Records for processing:
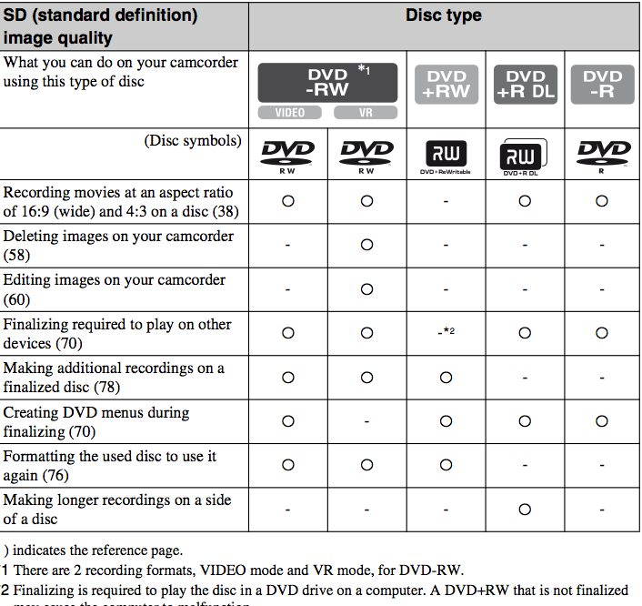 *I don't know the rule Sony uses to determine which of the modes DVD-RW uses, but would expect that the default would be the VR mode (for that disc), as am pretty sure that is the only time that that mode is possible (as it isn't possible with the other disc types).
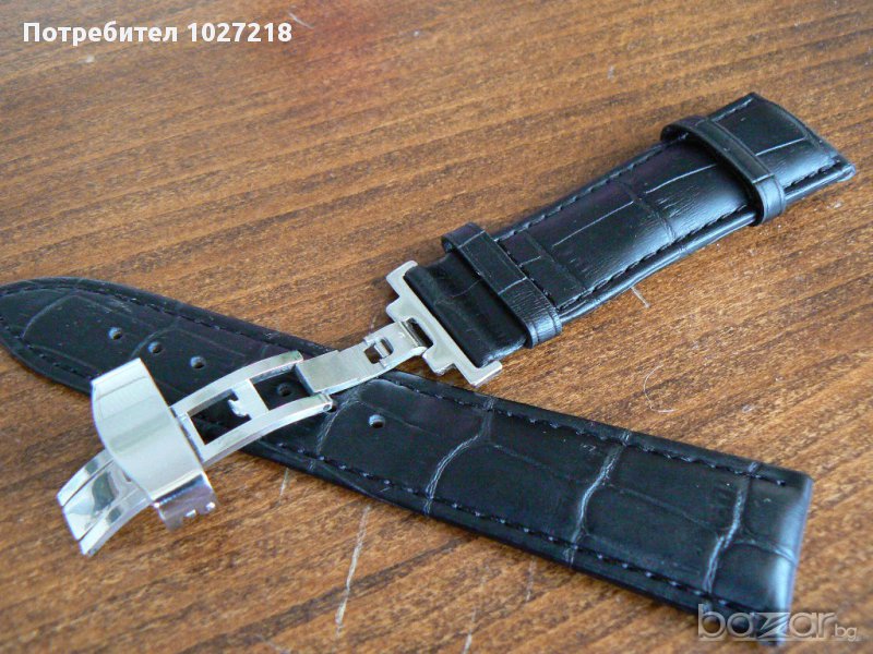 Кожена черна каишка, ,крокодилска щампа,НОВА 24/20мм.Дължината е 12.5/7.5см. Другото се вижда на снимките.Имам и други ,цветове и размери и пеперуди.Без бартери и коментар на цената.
...
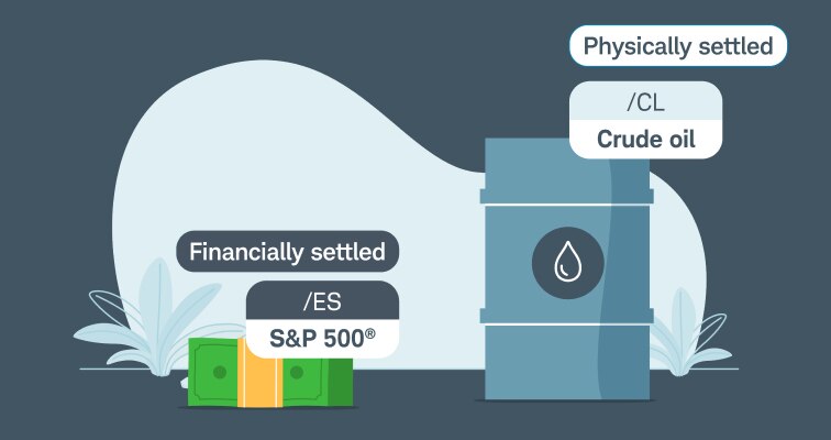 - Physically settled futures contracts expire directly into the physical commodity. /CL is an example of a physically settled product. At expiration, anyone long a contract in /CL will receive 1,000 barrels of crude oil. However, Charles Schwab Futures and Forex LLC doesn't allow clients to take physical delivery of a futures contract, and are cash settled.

Problem: What you need to produce is an exact copy of the entries above, limited to the lines from the one with "other disc types)." up to and including the one with "Кожена черна каишка, ,крокодилска", without pictures.

Solution for this exercise:
 *I don't know the rule Sony uses to determine which of the modes DVD-RW uses, but would expect that the default would be the VR mode (for that disc), as am pretty sure that is the only time that that mode is possible (as it isn't possible with the other disc types).
 Кожена черна каишка, ,крокодилска щампа,НОВА 24/20мм.Дължината е 12.5/7.5см. Другото се вижда на снимките.Имам и други ,цветове и размери и пеперуди.Без бартери и коментар на цената.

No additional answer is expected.